Hamilton was like nothing I have seen in my life. The intensity, the integrity, the amazing cinematic staging (a framework that is popping up in current theatre performance to tremendous impact), the rhythmic repartee, the anachronistic tensions, the dynamic interplay of the softest whisper to the loudest bang – the show was a complete and beautiful narrative carried on a river of sound and movement.
While I have encountered bits and pieces of Hamilton over the last few years, the only focused experience was of Lin Manuel Miranda singing the opening song from what was to become Hamilton at the Obama White House in 2009. People actually laughed because it seemed absurd that this guy from the Heights was rapping a song about a founding father of our country. We know who had the last laugh here. All of this to say, I came to the show with an open and curious mind, hoping I could follow the language.
Sitting on the front row was an exhilarating experience, and I felt a little too close to get the full visual effect of the physical staging/choreography. While everyone has raved about the soundtrack, the physical staging was mesmerizing. The chorus literally turned “the world upside down” by lifting furniture in slow arcs on levels as Hamilton stood center stage. The set included a turntable of sorts which allowed the actors to moonwalk and the action to boomerang at times. There was a “Matrix moment” when Burr fired the shot at Hamilton. The choreography was a physical embodiment of the emotional and political tensions of the times. The Chorus worked as hard as the leading performers. The ending was poignant and expansive. Critics often say, “The actors really carried that show!” In this case, given a company of good singers and movers, Hamilton can carry the actors.

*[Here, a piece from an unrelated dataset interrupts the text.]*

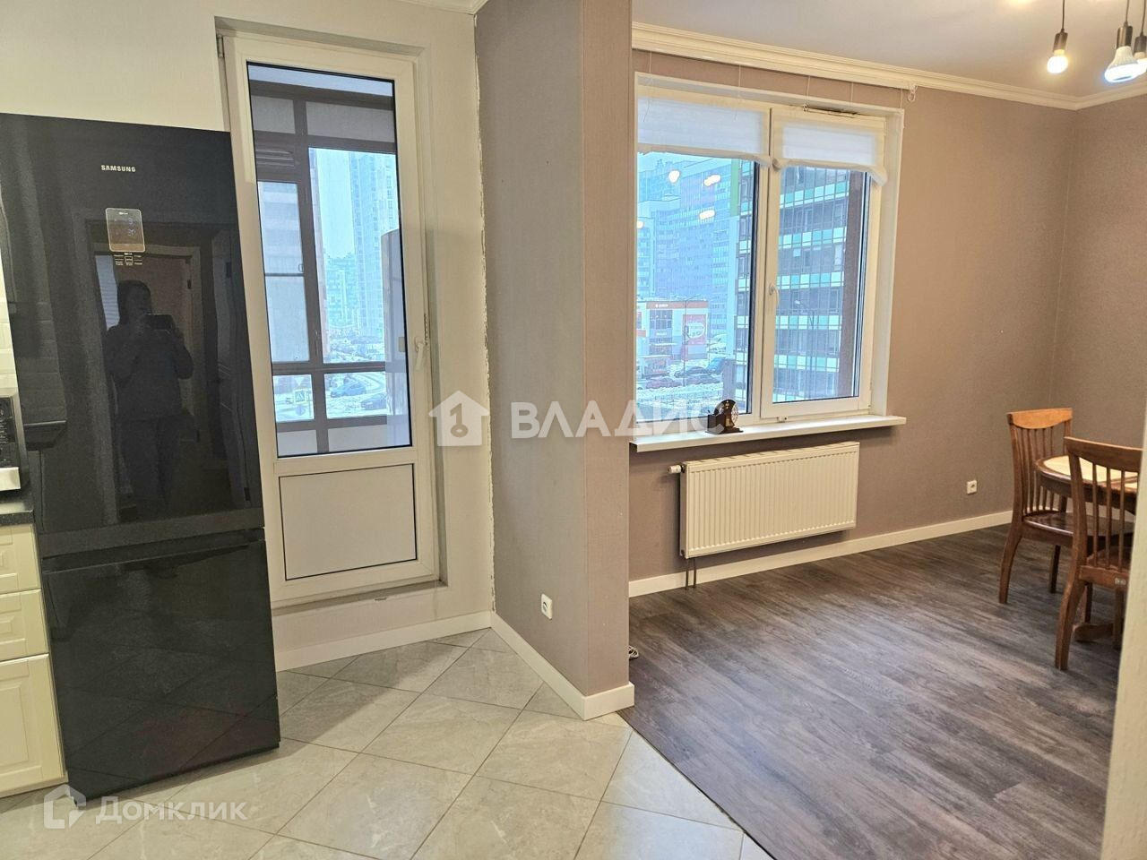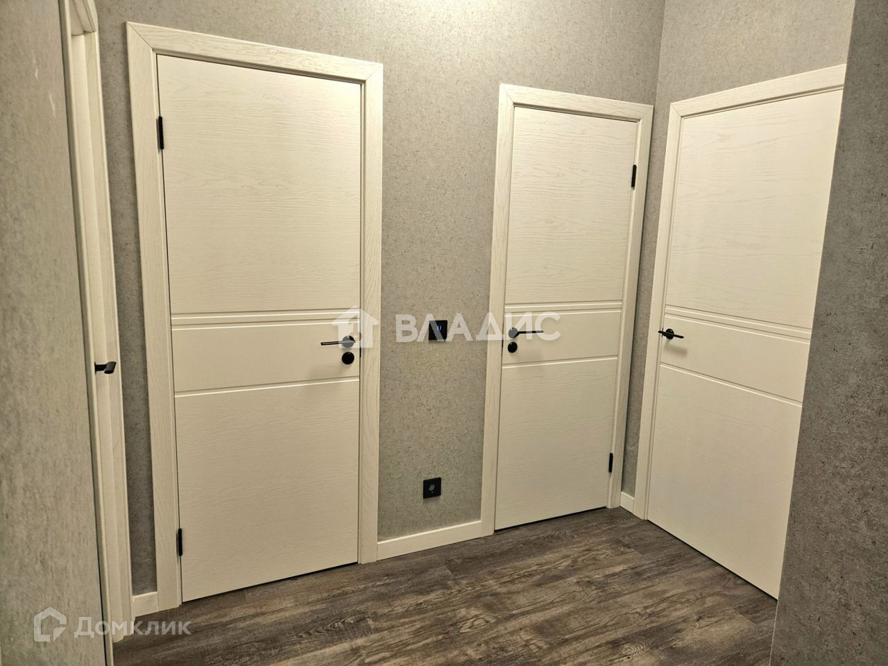 Пол на кухни тёплый в кафеле. В комнатах и коридоре на полу кварцвинил, двери - качественные, окрашенный шпон.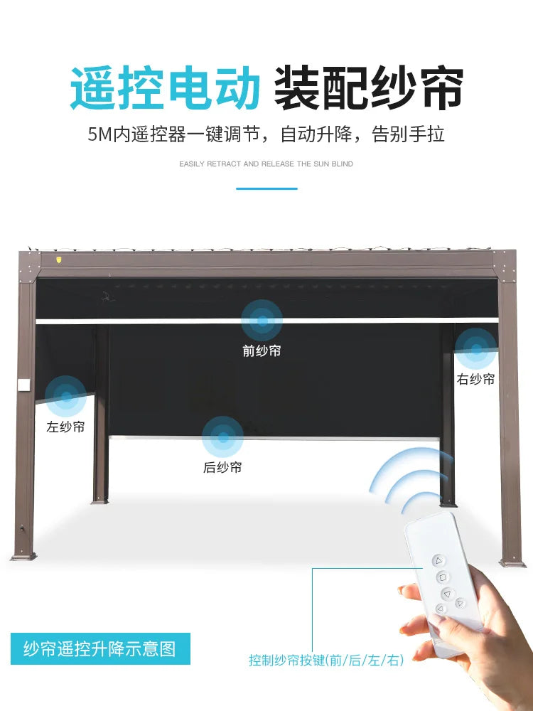 custom size 3m,4m,5m,6m, gazebo outdoor automatic canopy patio garden sun room aluminum alloy electric sunshade

To be fair, the show owes a lot to some predecessors. 1776 was an incredibly moving experience when I saw it onstage and screen in the 1970s. The song Molasses to Rum opened my eyes to the role the Northern economies played in the sale of slaves to the South. This brought about the recognition that hypocrisy was strongly rooted in US government practices from the beginning! (Dare I say “Hail to the (current) Chief” for bringing it front and center?) The shows were vastly different in two major ways. Hamilton is almost an opera, with very little spoken dialogue. 1776 has a 30 minute section where there is no music. (When the show played Broadway, the musician’s union negotiated a break for the players during that section, something that had never been done in a musical to that point.) And the treatment of John Adams is so different in each – he is central to 1776 and a laughable footnote in Hamilton. While Hamilton and 1776 are quite different in style and presentation, both resonate some radical revisions of American history.

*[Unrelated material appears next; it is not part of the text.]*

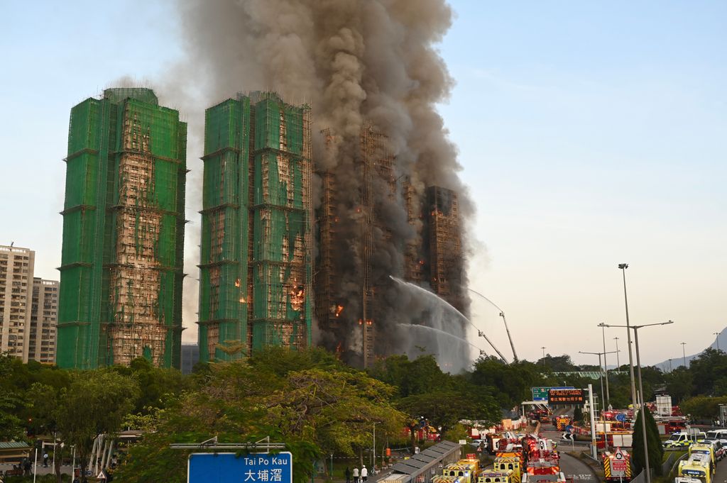A baleset kitörése után majdnem egy teljes nappal később a tűzoltók még mindig küzdöttek, hogy eljussanak a Wang Fuk Court lakótelep felső emeletein esetlegesen csapdába esett lakókhoz, mivel a szerdán délután kitört tűz miatti forróság és sűrű füst nehezítette a munkájukat. A tűzeset kezdetétől fogva zuhannak az építkezési cég részvényei, azonban hongkongi dollgármilliók mozdulhatnak a baleset-biztosításra, amelyet 2027-ig kötöttek.

Another Hamilton predecessor was Stephen Sondheim’s Pacific Overtures, a musical narrative of the Western world opening up trade with Japan (which was an isolationist island nation prior to 1850). This show comes to mind because that simple plot description sounds pretty ridiculous and really difficult to pull off – much like Hamilton. Both shows are layered with ideas and global/cosmic perspectives that are presented in the most engaging and vibrant ways. Both of these shows conclude with a socio-political expansiveness that evokes incredible wonder as the final curtain goes down.
One other show that opened the cultural wormhole that allowed Hamilton to rock through was Spring Awakening. The muscular choreography, the passions of the players, the anachronistic music and language are all part of what made both these shows resonate with audiences. Jesus Christ Superstar paved the way for Spring Awakening. I am sure there are a few more stepping stones along the way that I am not aware of or forgot, but it is interesting to give some attention to a pattern of lineage when it is so recognizable.
Both Hamilton and 1776 ask the audience to reflect on and revise beliefs about American history. When I was in high school American History class ended at World War II. The US were the “good guys” and the “bad guys” shifted around depending on…well, I wasn’t sure what or why, but the US had everybody’s best interests at heart, right? Some 50 years later, and I have woken up to the overwhelming greed, racism, megalomania and hypocrisy on which we have built our nation. There is more there, many good and noble pursuits as well, but the noble pursuits are celebrated and commemorated over and over. We seem to be unable to own the violent and aggressive roots of how we became the USA. Nations, like the human beings who create them, suffer greatly when shadows are denied and projected outward. “We become what we resist” plays itself out before our eyes and ears. In this way, works of art can act as pointers toward deeper truths, on which we must reflect or surrender.